El vicepresidente del Centro de Estudios Nacionales de Desarrollo Alternativo (CENDA) destacó recientemente la importancia estratégica de defender y desarrollar CODELCO en un evento celebrado en Santiago. En sus declaraciones, subrayó que esta estatal no solo ha sido fundamental para la economía chilena durante más de medio siglo, sino que su seguridad y estabilidad son temas prioritarios de seguridad nacional, especialmente en un contexto donde su solvencia está siendo cuestionada por autoridades del gobierno actual. Estos ataques provienen de figuras prominentes como el Ministro de Minería, quien ha hecho declaraciones alarmantes que recuerdan a las exageraciones que llevaron a reprimendas por parte de la Contraloría General de la República en el pasado, lo cual genera preocupación sobre la integridad de CODELCO como pilar industrial del país.

Las recientes acciones de un diputado, quien preside la comisión de minería y ha realizado un cabildeo constante en contra de CODELCO, refuerzan la percepción de un ataque coordinado hacia la empresa. En el pasado, este mismo parlamentario buscó desacreditar el acuerdo entre CODELCO y SQM con argumentos que fueron descalificados incluso por el expresidente del Directorio de CODELCO, Máximo Pacheco Matte. La búsqueda de firmar nuevas investigaciones en contra de la estatal pone de manifiesto una estrategia que, según muchos críticos, se asemeja a un intento por debilitar a la empresa con fines de privatización, lo que preocupa a diversos sectores de la sociedad.

La gestión de Dn. Máximo Pacheco Matte fue reconocida por su valor y transparencia en la reciente junta de accionistas. En su exposición, Pacheco analizó las dificultades enfrentadas por CODELCO, incluyendo el desafío de operar yacimientos cupríferos con leyes significativamente reducidas, lo que dificulta la extracción eficiente de cobre. A pesar de estos obstáculos, la estrategia adoptada por la administración busca asegurar un futuro sólido para la corporación, destacando su papel como líder mundial en la producción de cobre y litio. Este enfoque proactivo ha generado confianza, aunque la desinformación y la difamación continúan amenazando el clima que rodea a CODELCO.

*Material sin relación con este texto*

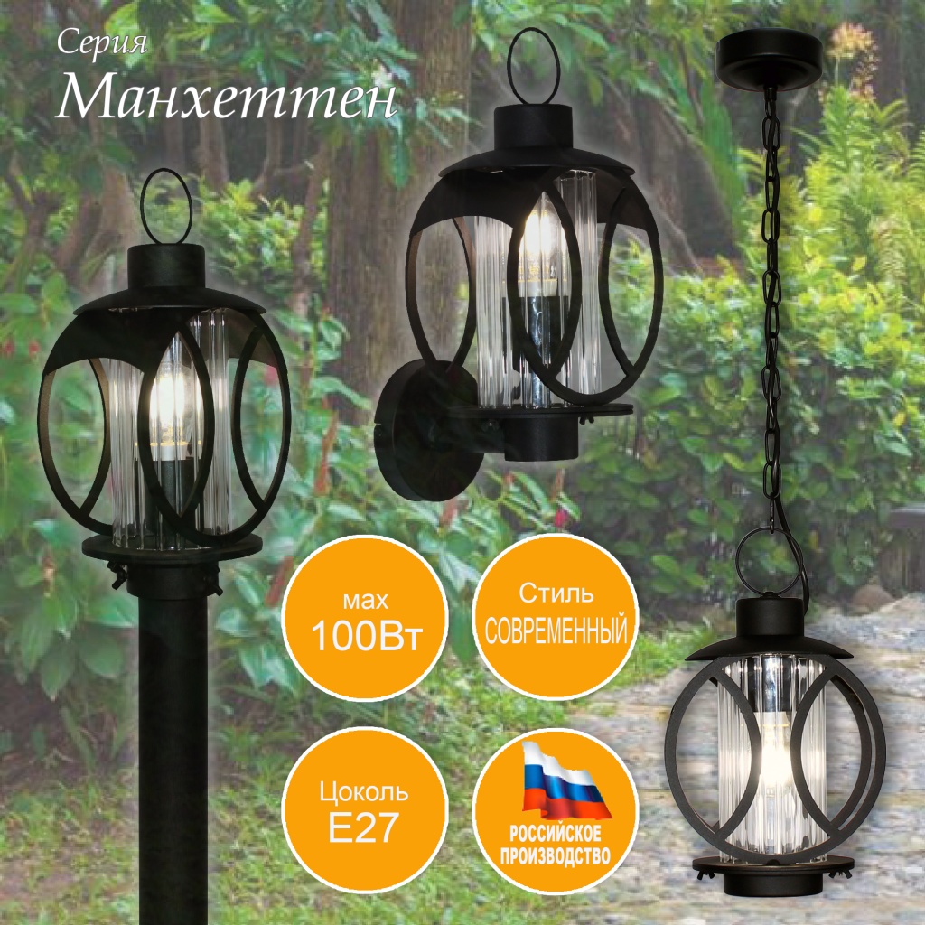 Уличный светильник на столб из коллекции «Манхеттен» IP54- это прекрасное сочетание дизайна и функциональности. Он воплотил в себе изысканный стиль, высокое качество изготовления. обеспечивающее устойчивость к воздействию внешней среды. Светильник оснащен стандартным цоколем Е 27, который позволит использовать сменные лампы различных типов в качестве источника света. Коллекция светильников "Манхеттен" состоит не только из торшерного светильника, но также присутствуют бра и подвес, что поможет создать целые световые композиции и выделить самую привлекательную часть освещаемой территории и строений в едином стиле. Рассеиватель светильника выполнен из рифленого боросиликатного стекла, и прекрасно рассеивает свет, что не только функционально, но в целом создает уют в экстерьере. Основной цвет изделия, классический черный.
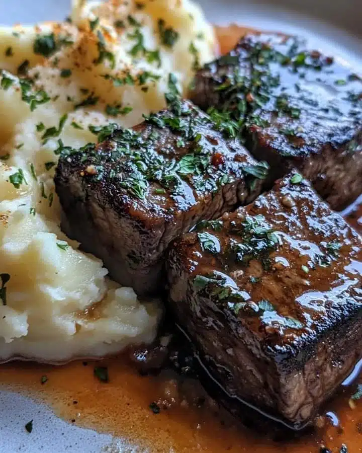 Enjoy these savory, tender Homemade Garlic Butter Steak Bites and Mashed Potatoes, perfect for any occasion!
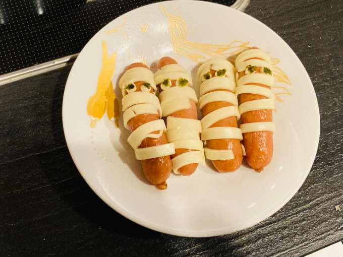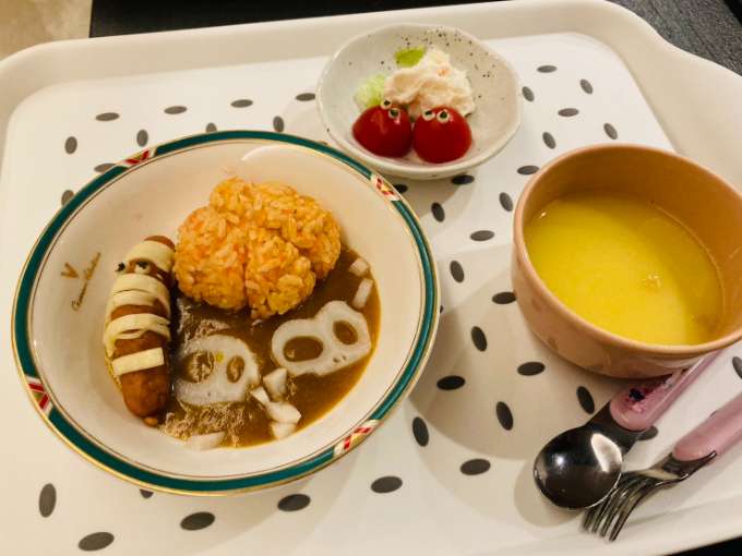 カレーにガイコツレンコンやウインナーミイラを乗せて完成♡

Un aspecto crucial mencionado por Pacheco es el endeudamiento de CODELCO, el cual se mantiene en niveles prudentes cuando se considera su capacidad de generación de caja, que ha promediado 18 millones de dólares diarios en la última década. A pesar de que el mercado financiero considera el nivel de deuda manejable, se argumenta que CODELCO podría disminuir su endeudamiento significativamente si estuviera sujeta a una tributación equitativa, lo que resalta la paradoja de que la estatal, que aporta enormemente al fisco, no recibe apoyo proporcional. Este contexto plantea interrogantes sobre la justicia fiscal y la manera en que las empresas estatales son tratadas en comparación con las privadas.

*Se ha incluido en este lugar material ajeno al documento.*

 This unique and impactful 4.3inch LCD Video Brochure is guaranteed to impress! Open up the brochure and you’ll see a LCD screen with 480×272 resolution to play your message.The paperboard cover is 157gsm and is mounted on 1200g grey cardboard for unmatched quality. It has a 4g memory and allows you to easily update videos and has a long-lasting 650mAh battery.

Finalmente, CODELCO no solo ha sido vital para las arcas fiscales, aportando el equivalente a la mitad del producto interno bruto de 2025 desde su nacionalización, sino que también ha demostrado su compromiso con el desarrollo industrial a nivel nacional. A medida que se enfrenta a presiones externas y a ataques internos, queda claro que defender esta empresa es esencial para preservar la soberanía y el patrimonio nacional. La historia de CODELCO es una narración de resistencia y éxito que debe ser protegida y celebrada, pues su desarrollo no es solo una cuestión de beneficio económico, sino un imperativo estratégico para la seguridad nacional.